ASSIGNMENT - Exactly as they appear below, repeat the lines from the one with "2、将直径原处复制一份(+),在属性栏里的旋转角度填写6。(360/60=6)" through the one with "- 💪【LEG EXTENSION". Drop every picture.

GIVEN DATA -
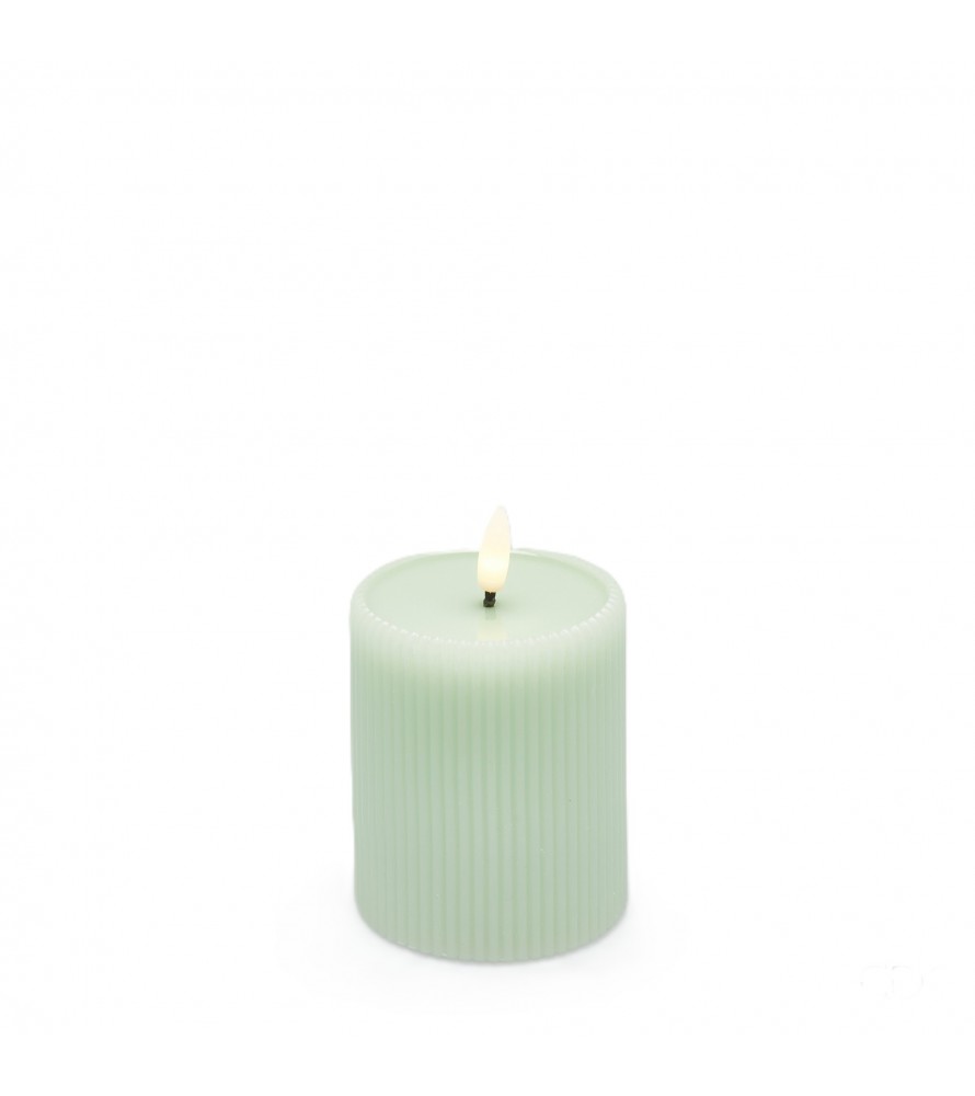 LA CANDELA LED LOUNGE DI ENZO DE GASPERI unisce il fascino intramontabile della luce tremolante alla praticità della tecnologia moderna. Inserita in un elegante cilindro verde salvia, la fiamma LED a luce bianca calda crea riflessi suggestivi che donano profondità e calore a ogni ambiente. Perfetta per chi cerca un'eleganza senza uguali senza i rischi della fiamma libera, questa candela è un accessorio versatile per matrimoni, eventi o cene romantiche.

* * *

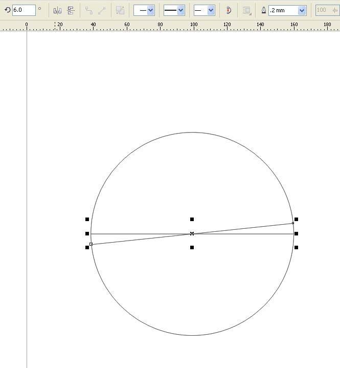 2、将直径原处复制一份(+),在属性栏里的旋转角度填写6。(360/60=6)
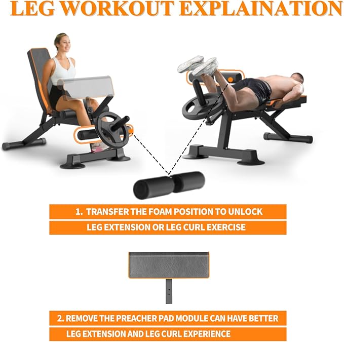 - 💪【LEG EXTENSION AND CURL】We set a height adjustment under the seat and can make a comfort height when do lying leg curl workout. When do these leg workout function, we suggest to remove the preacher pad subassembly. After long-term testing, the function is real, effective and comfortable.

RESPONSE BELOW -
 2、将直径原处复制一份(+),在属性栏里的旋转角度填写6。(360/60=6)
 - 💪【LEG EXTENSION AND CURL】We set a height adjustment under the seat and can make a comfort height when do lying leg curl workout. When do these leg workout function, we suggest to remove the preacher pad subassembly. After long-term testing, the function is real, effective and comfortable.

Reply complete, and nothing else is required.